As Operation Anglosphere points out, the notion of an Anglo Empire — this time an American Empire — is regaining popularity, at least among non-Americans:

”America is the most magnanimous imperial power ever,” declared Dinesh D’Souza in the Christian Science Monitor in 2002. ”Afghanistan and other troubled lands today cry out for the sort of enlightened foreign administration once provided by self-confident Englishmen in jodhpurs and pith helmets,” argued Max Boot in a 2001 article for the Weekly Standard titled ”The Case for American Empire.” In the Wall Street Journal, historian Paul Johnson asserted that the ”answer to terrorism” is ”colonialism.” Columnist Mark Steyn, writing in the Chicago Sun-Times, has contended that ”imperialism is the answer.”

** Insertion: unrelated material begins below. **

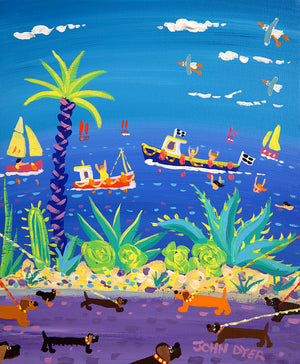 The seafront in Falmouth is a constant inspiration for artist John Dyer and this delightful new painting features the artist's dog Digory as he explores the sights and wonders on the seafront. The intriguing composition focuses on the excitement of the day with all the dog walkers out of the canvas, but we are left to imagine who they are & their eccentric hats, coats or swimsuits! Fantastic fun.

”People are now coming out of the closet on the word ‘empire’,” noted Washington Post columnist Charles Krauthammer. ”The fact is no country has been as dominant culturally, economically, technologically and militarily in the history of world since the Roman Empire.” Krauthammer’s awe is shared by Harvard human rights scholar Michael Ignatieff, who asked earlier this year in The New York Times Magazine, ”What word but `empire’ describes the awesome thing America is becoming?” While acknowledging that empire may be a ”burden,” Ignatieff maintained that it has become, ”in a place like Iraq, the last hope for democracy and stability alike.”

Jeet Heer’s article also corrects a common misinterpretation of Kipling’s “The White Man’s Burden”:

Rudyard Kipling’s famous imperialist paean, ”The White Man’s Burden,” often mistakenly linked to England’s rule over India, was specifically written in 1899 to support Theodore Roosevelt’s campaign to extend the American sphere of influence into the Philippines.